On Mon, Mar 02, 2009 at 01:06:52PM -0300, Jorge Arellano Cid wrote:
On Sun, Mar 01, 2009 at 12:31:18PM +0100, Hofmann Johannes wrote:
On Sat, Feb 28, 2009 at 12:22:32AM +0100, Hofmann Johannes wrote:
On Fri, Feb 27, 2009 at 07:06:27PM +0100, Hofmann Johannes wrote:
On Fri, Feb 27, 2009 at 03:29:55PM +0000, corvid wrote:
On Fri, Feb 27, 2009 at 02:26:03PM +0000, corvid wrote: > > Committed. I hoped to be able to make that code a bit shorter, but > > could not find a reasonable solution... > > Yeah. In any case, it's just going to get worse/rearranged again > for negative numbers...
Exactly. I started my simplification attempts, added negative number support - and blew it all up :) I'm really considering a flex based scanner now. What do you think?
I only touched flex very briefly for a class at school long ago, and I don't remember anything from the experience, but the idea interests me since it has to be less trouble than trying to do it by hand...
This turned out to be easier than expected. Attached patch adds a flex based scanner for CSS data. It's not optimized or polished but seems to work here.

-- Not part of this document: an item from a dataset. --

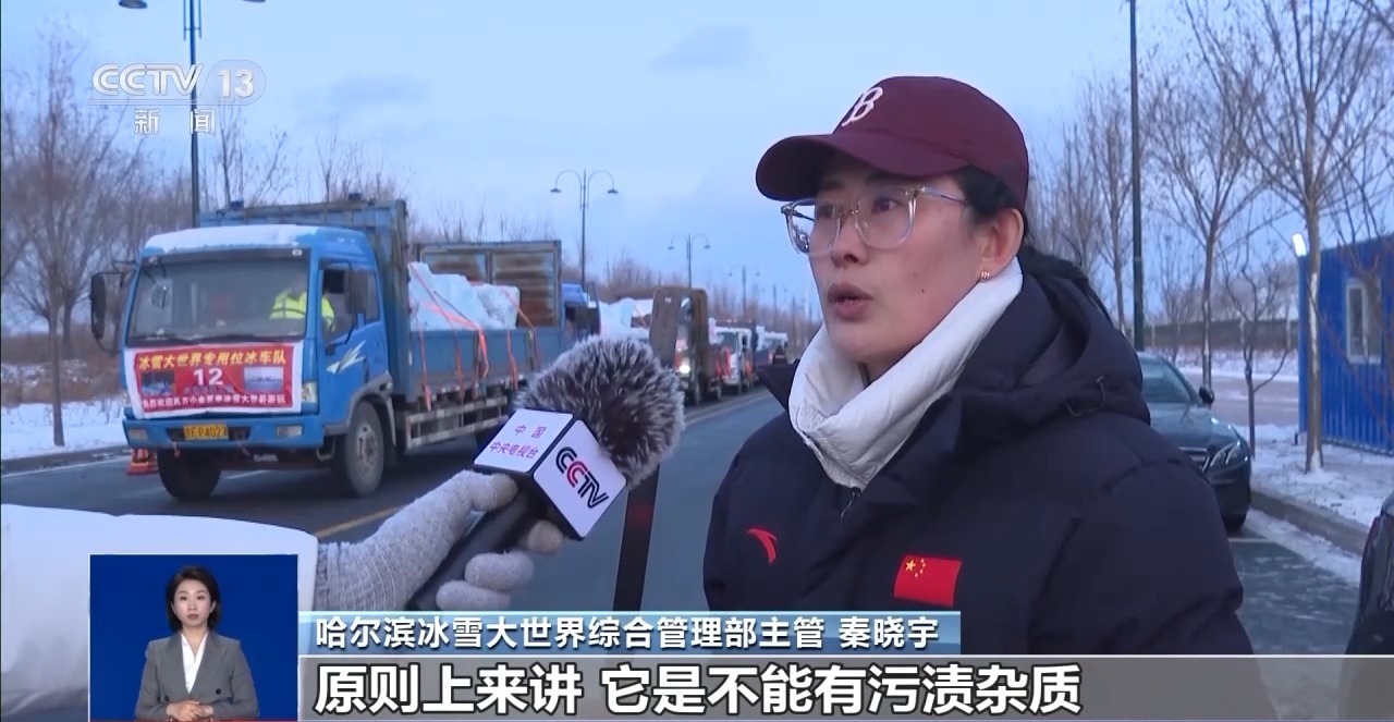 哈尔滨冰雪大世界综合管理部主管 秦晓宇:我们首先要看冰的透光度,原则上讲,不能有污渍杂质或者明显的污壳,才能够给广大游客呈现一个美轮美奂的冰雪大世界。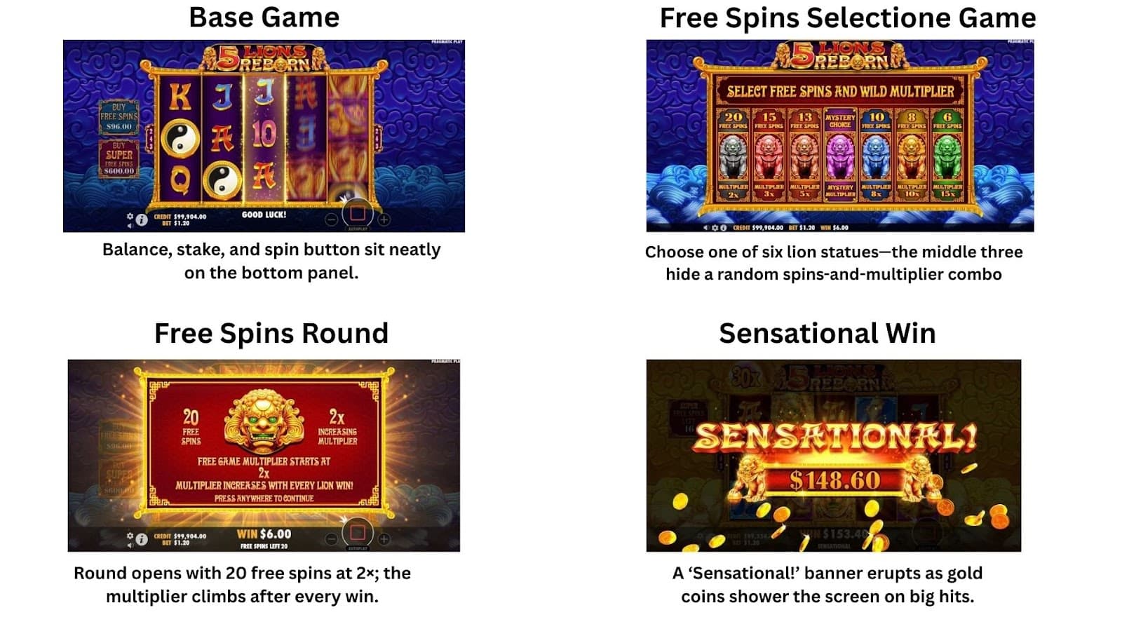5 Lions Reborn presenta gráficos ricos y detallados centrados en un telón de fondo de un templo de jade, donde los símbolos del fénix, la tortuga y el koi brillan en una ornamentada filigrana dorada. Los sutiles destellos de partículas y las ráfagas de luz añaden una sensación pulida y dinámica sin superar la estética tradicional china.

To make reviewing easier I created a repo for the flex experiment: http://freehg.org/u/dillo/flex/ I think the use of flex makes the code simpler and more maintainable. For some reason rendering is a bit different, e.g. on wikipedia.org maybe because negative numbers are supported. It would be nice if people could test it regarding the performance impact.
What do you think. Is it worth to add the flex dependency?
I'm a bit worried about the flex dependency.
It's being a long time since I saw/used flex/bison/yacc & friends. AFAIR, there was a myriad of slightly incompatible flavours.
I think what the patch uses is pretty standard and automake takes care of the detection and correct parameters.
It may be safer to generate a C-source parser with the tool, and to include it as a source file.
The problem is that we also need to (statically) link libfl.a, so we actually need lex/flex installed on the build system.
AFAIU the patch feeds a CSS grammar to libflex, and it acts as an interpreter that parses.
In it's current form only the scanner/tokenizer is replaced by a flex-generated one. The parsing is still done using the hand-written code.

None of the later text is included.